Вы находитесь: Главная страница> Блок Александр> Образ Родины в лирике А. Блока

Сочинение на тему «Образ Родины в лирике А. Блока»

… стоит передо мной моя тема,
тема о России… Этой теме я сознательно и
бесповоротно посвящаю жизнь…

А. Блок

«Россия — Сфинкс»… Когда я впервые прочла эти блоков-ские строки, то поразилась, насколько точно поэт сказал о своей (и моей) стране, непостижимой, загадочной, вечной, как стоящие в египетских песках сфинксы.

Да Блок и сам такой же сфинкс, тайну которого, по-моему, до конца не разгадал никто. Всю свою внешне достаточно благополучную (во всяком случае до октября 1917-го) жизнь он провел в предощущении грядущих катастроф. Это им написано:

Испепеляющие годы!
Безумья ль в вас, надежды ль весть?
От дней войны до дней свободы
Кровавый отсвет в лицах есть.
Есть немота — то гул набата
Заставил заградить уста.
В сердцах, восторженных когда-то,
Есть роковая пустота.

Но как нежно, трепетно, горько любит поэт эту страну!

В письме к К. С. Станиславскому он сказал о своей лирике: «Это все — о России». И действительно, о чем бы он ни писал: о страшном мире, о Прекрасной Даме, о болотных чертенятках, о любви, — все посвящается родной стране, так или иначе с ней связано.

В. Брюсов заметил как-то, что есть книги, которые нельзя перелистывать, их надо читать, как роман. Мне кажется, «Стихи о России» можно читать, как поэму, где каждое стихотворение — отдельная глава.

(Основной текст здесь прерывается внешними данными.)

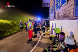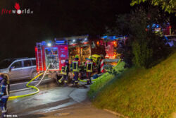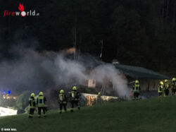 BISCHOFSWIESEN (BAYERN): Am Samstagabend, 29. Juli 2017, gegen 20.45 Uhr musste ein Großaufgebot von Feuerwehr, Rotem Kreuz, Technischem Hilfswerk (THW) und Polizei in den Vierradweg in Bischofswiesen ausrücken, wo oberhalb der Ortsteile Strub und Engedey der hölzerne Anbau eines abgelegenen Zweifamilienhauses in Vollbrand stand und abbrannte.

Открывается книга стихами о Куликовом поле:

На пути — горючий белый камень.
За рекой — поганая орда.
Я — не первый воин, не последний,
Долго будет родина больна.
Помяни ж за раннею обедней
Мила друга, светлая жена.

Цикл «На поле Куликовом», как камертон, задает тон всей книге. Мы чувствуем и светлую грусть, и глубокую любовь поэта к своей стране, даже такой, как в стихотворении «Грешить бесстыдно, беспробудно…»:

И под лампадой у иконы
Пить чай, отщелкивая счет,
Потом переслюнить купоны,
Пузатый отворив комод,
И на перины пуховые
В тяжелом завалиться сне…
Да и такой, моя Россия,
Ты всех краев дороже мне.

Родина, как колдунья, может оборачиваться самыми разными, неожиданными сторонами. То это вещая птица Гамаюн («Предвечным ужасом объят, Прекрасный лик горит любовью, Но вещей правдою звучат Уста, запекшиеся кровью!..»), то нечистая сила, которая «ведет хороводы Под заревом горящих сел». А вот страна-цыганка с «разбойною красой», с платком узорным до бровей. Она ничего не боится, с ней

И невозможное возможно,
Дорога долгая легка,
Когда блеснет в дали дорожной
Мгновенный взор из-под платка…

Или вдруг перед нами светлый образ Ярославны (мне так кажется), которая

Обнимет рукой, оплетет косой
И, статная, скажет: «Здравствуй, князь».
Заплачет сердце по чужой стороне,
Запросится в бой — зовет и манит…
Только скажет: «Прощай. Вернись ко мне». —
И опять за травой колокольчик звенит…

Внезапно Россия превращается в грохочущий поезд, стремительно бегущий мимо платформы («На железной дороге»):

Вагоны шли привычной линией,
Подрагивали и скрипели,
Молчали желтые и синие,
В зеленых плакали и пели.

Или, может быть, Родина — это та девушка, «красивая и молодая», мимо которой мчится жизнь, и которая от тоски, оттого, что «давно уж сердце вынуто», бросаётся под колеса этого поезда?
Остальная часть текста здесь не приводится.